Słoma o cenach zbóż: Mamy odwróconą logikę

Rolnik pytany był też o spadające ceny zbóż mimo przednówka. Mamy odwróconą logikę od dwóch lat. Zboże jak każdy inny surowiec jest elementem spekulacji. Giełdy określają cenę. Jednocześnie ta sytuacja pokazuje, że mamy ogromne nadwyżki, których musimy się pozbyć - tłumaczył Słoma.

Gospodarz rozmowy pytał także o narzekania rolników na Zielony Ład. Chodzi o ugorowanie 4 proc. naszej ziemi. To jest ziemia, za którą płaciliśmy sowite pieniądze. Jeżeli odejmiemy 4 proc. areału, na którym mogę uprawiać ziemię, to mam 4 proc. mniej. Dodając do tego koszta, jakie ponoszę przez wysokie standardy produkcji, te dopłaty (unijne - red.) znikają u mnie w tych wszystkich kosztach i obostrzeniach - stwierdził rolnik.

Słoma o Putinie i skandalicznym transparencie

Jacek Słoma zapewnił także, że nie prosiłby o pomoc Władimira Putina. Odniósł się w ten sposób do skandalicznego transparentu jednego z rolników podczas niedawnych protestów.

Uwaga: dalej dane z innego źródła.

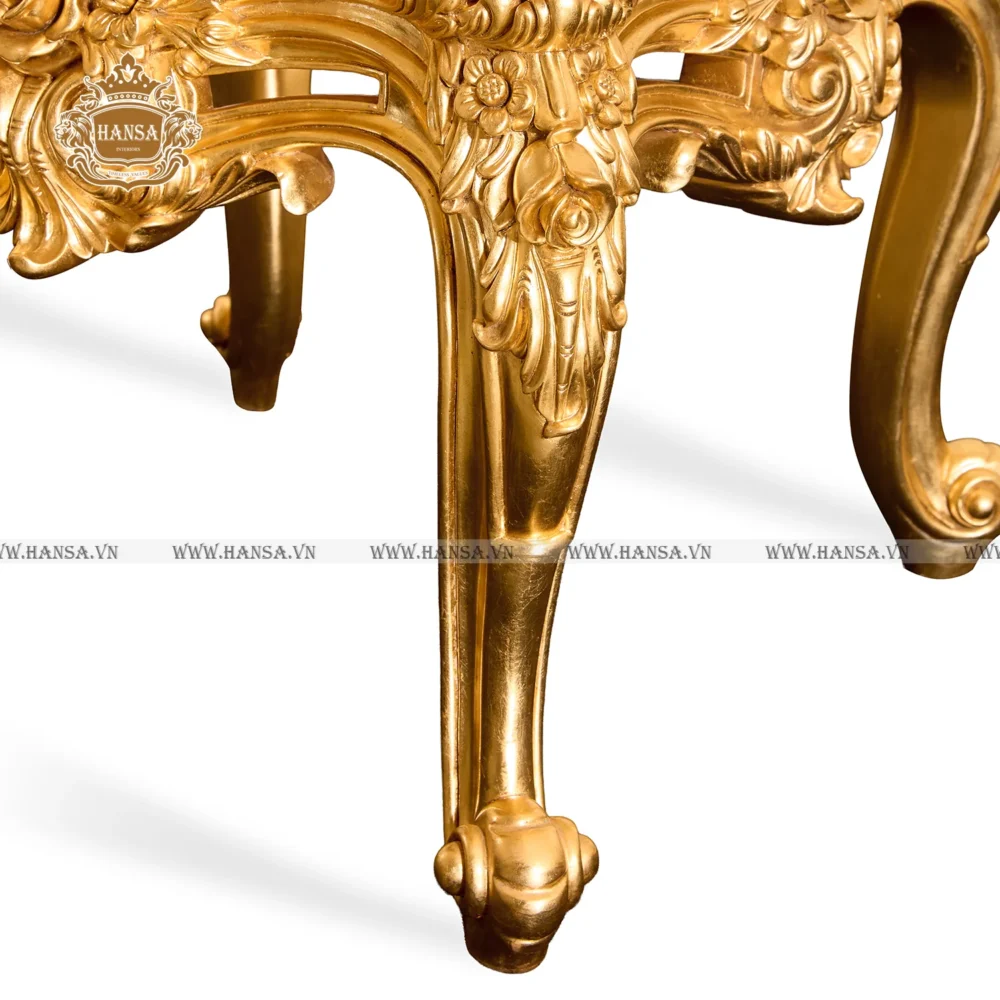 Phần khung đôn là nơi tập trung mọi tinh hoa nghệ thuật chạm khắc. Lấy cảm hứng từ phong cách rococo quý tộc, các nghệ nhân đã tỉ mỉ tạo hình những đóa hoa hồng, lá acanthus và các đường lượn sóng mềm mại. Toàn bộ khung được phủ một lớp mạ vàng sáng bóng, nổi bật trên nền đá tự nhiên, tạo nên sự tương phản lộng lẫy và thu hút mọi ánh nhìn.

Mieszkam przy granicy z Białorusią, mamy w rodzinie tradycje pierwszego, drugiego Sowieta. W związku z tym traktuję to w kategoriach jakiejś kompletnej abstrakcji. Trudno powiedzieć, czy to był prowokator, czy człowiek niespełna rozumu - powiedział Słoma.

Słoma: Nasz protest jest oddolny, jak protesty przeciwko ACTA z 2012 roku

W internetowej części Porannej rozmowy w RMF FM Jacek Słoma podkreślał, że protesty rolnicze mają charakter oddolny. Te protesty są bardzo podobne do tych przeciwko ACTA (umowie dot. walki z naruszeniami własności intelektualnej; masowo protestowali wówczas użytkownicy internetu - przyp. red.) z 2012 roku. Rolnicy także skrzykują się przez internet, rozmawiają, konsultują, podejmują działania - podkreślał dzisiejszy gość Roberta Mazurka.

Przyznał, że protest ma charakter polityczny, choć nie partyjny. Protestujemy de facto przeciwko wszystkim partiom politycznym, które doprowadziły do tego, bo należy przypomnieć, że w zasadzie wszystkie partie, które obecnie mamy w parlamencie, może poza Konfederacją, oraz wszystkie partie, które mają swoich przedstawicieli w Parlamencie Europejskim, przyczyniły się do sytuacji, w której się właśnie znajdujemy. Jest to więc, można powiedzieć, protest przeciwko, całej klasie politycznej - zaznaczył Słoma.

Przypomniał, że dzisiejszy "marsz gwiaździsty" ma dwa główne cele - odejście od Europejskiego Zielonego Ładu, czyli unijnego programu, który - według niego - zmierza do "drastycznego ograniczenia produkcji żywności" w UE, ora ograniczenie importu żywności spoza Unii. Nie chodzi tylko o Ukrainę. Łotwa dopiero w zeszłym tygodniu, dwa lata po inwazji, wprowadziła zakaz importu ziarna z Rosji - wskazał przedsiębiorca.

Przekonywał, iż Polska produkuje najlepszą żywność na świecie, dlatego - jak dodał - chciałby, aby podobne wysokie standardy stosowali producenci z innych państw. Są produkty, których brakuje w UE, z Ukrainy moglibyśmy na przykład kupować soję - dodał Słoma.

Krytykował też tę część unijnej Wspólnej Polityki Rolnej, która - według niego - pozwala na dotowanie "papierowych rolników". Przyznał, że problem leży też po polskiej stronie, gdzie służby niezbyt dokładnie kontrolują beneficjentów dopłat z UE.

Słoma: Od 2022 roku nie widziałem już żadnego migranta przy granicy z Białorusią

Dzisiejszy gość Porannej rozmowy w RMF FM mieszka w Jurowlanach, nieopodal granicy z Białorusią. Według niego, obecnie jest tam o wiele spokojniej niż w 2021 roku, gdy rozpoczął się kryzys migracyjny. W zasadzie od 2022 roku nie widziałem przy granicy, na moim odcinku, żadnego migranta. Jest bardzo spokojnie - powiedział Słoma.

W jego odczuciu, pomaga w tym zapora. Płot oczywiście nie jest doskonały, ale robi duża robotę. Chodzi o czas na reakcję służb - płot i perymetria umożliwiają Straży Granicznej i innym służbom szybszą reakcję, maja też więcej czasu na reakcję, w związku z tym na granicy nie potrzeba już tak wielu służb - zaznaczył Słoma.